# What is required:
Lower down are entries containing pictures. Copy exactly, without those pictures, the lines from the line with "통을 살짝 올려서 티라미스 크림과 함께 펜케이크를 즐깁니다." through the line with "Aiamööblikomplekt FABIOLA laud".

Records for this exercise: Begin

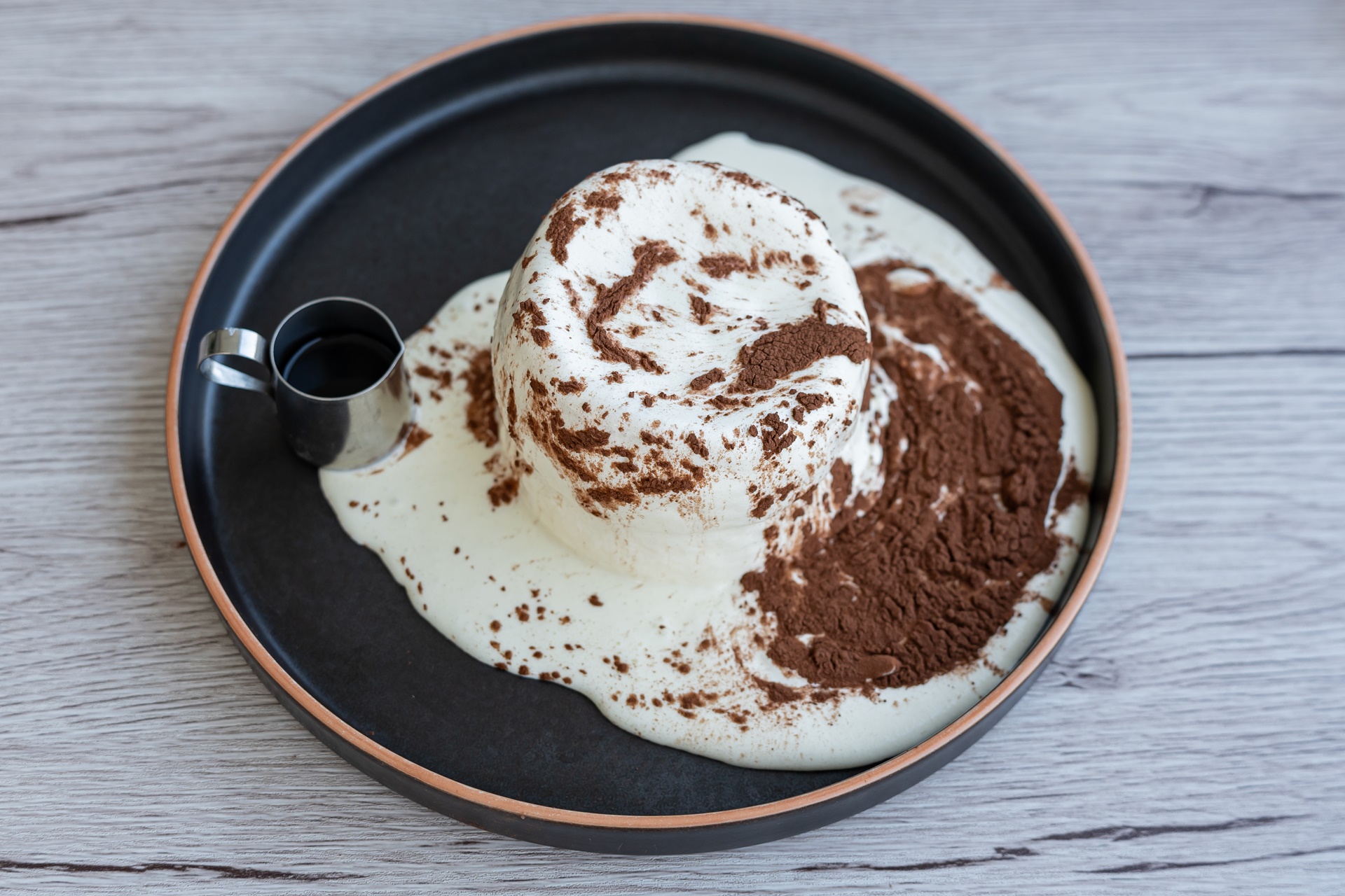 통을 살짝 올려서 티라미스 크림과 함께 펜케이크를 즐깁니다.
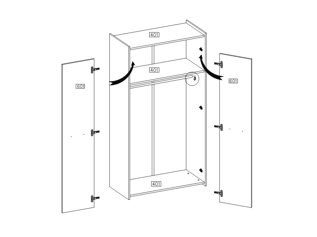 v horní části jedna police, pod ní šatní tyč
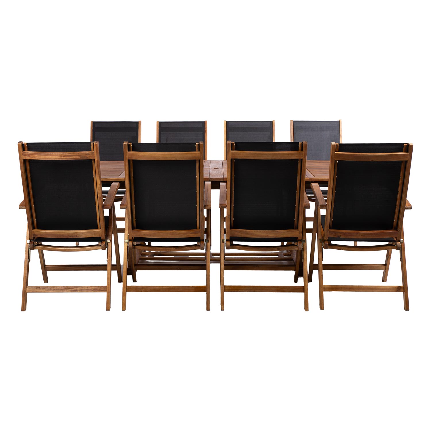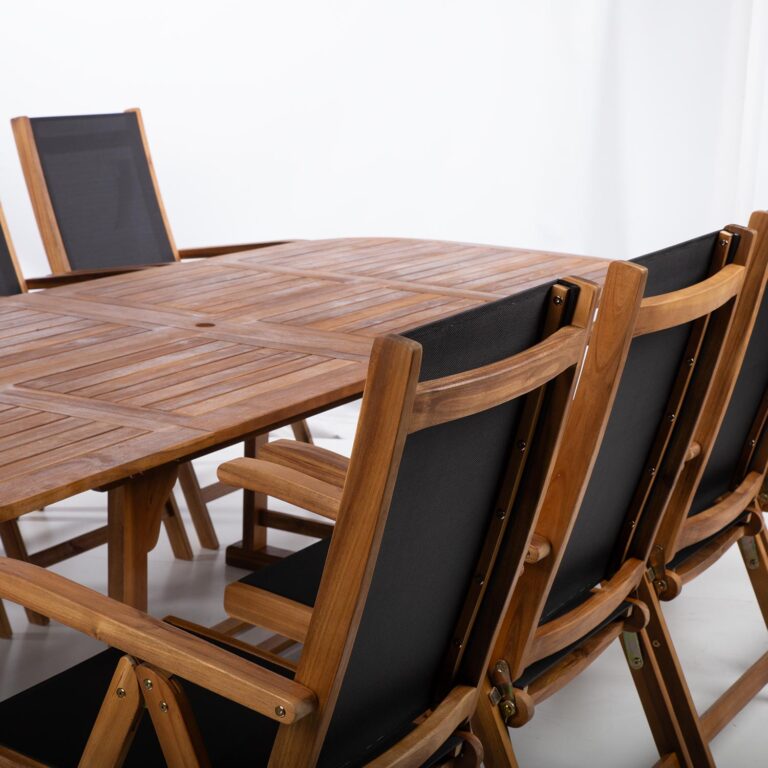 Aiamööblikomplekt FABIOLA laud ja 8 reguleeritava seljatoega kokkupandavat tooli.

Records for this exercise: End
Records for this exercise: Begin

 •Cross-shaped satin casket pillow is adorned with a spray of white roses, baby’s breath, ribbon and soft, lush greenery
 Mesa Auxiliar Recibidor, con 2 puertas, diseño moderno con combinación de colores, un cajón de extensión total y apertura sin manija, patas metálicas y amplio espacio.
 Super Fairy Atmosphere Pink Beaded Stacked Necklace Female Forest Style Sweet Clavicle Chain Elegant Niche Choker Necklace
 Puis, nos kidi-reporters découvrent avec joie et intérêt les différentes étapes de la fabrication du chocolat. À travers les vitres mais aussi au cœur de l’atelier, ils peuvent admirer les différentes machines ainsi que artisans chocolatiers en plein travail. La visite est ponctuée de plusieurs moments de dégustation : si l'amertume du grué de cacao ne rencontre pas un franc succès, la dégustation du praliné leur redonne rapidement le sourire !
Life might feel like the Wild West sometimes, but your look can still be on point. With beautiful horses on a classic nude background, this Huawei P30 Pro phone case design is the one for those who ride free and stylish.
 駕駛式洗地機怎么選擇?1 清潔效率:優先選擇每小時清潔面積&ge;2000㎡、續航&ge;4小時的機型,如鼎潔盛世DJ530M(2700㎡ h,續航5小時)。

Records for this exercise: End

# Finished task:
 통을 살짝 올려서 티라미스 크림과 함께 펜케이크를 즐깁니다.
 v horní části jedna police, pod ní šatní tyč
 Aiamööblikomplekt FABIOLA laud ja 8 reguleeritava seljatoega kokkupandavat tooli.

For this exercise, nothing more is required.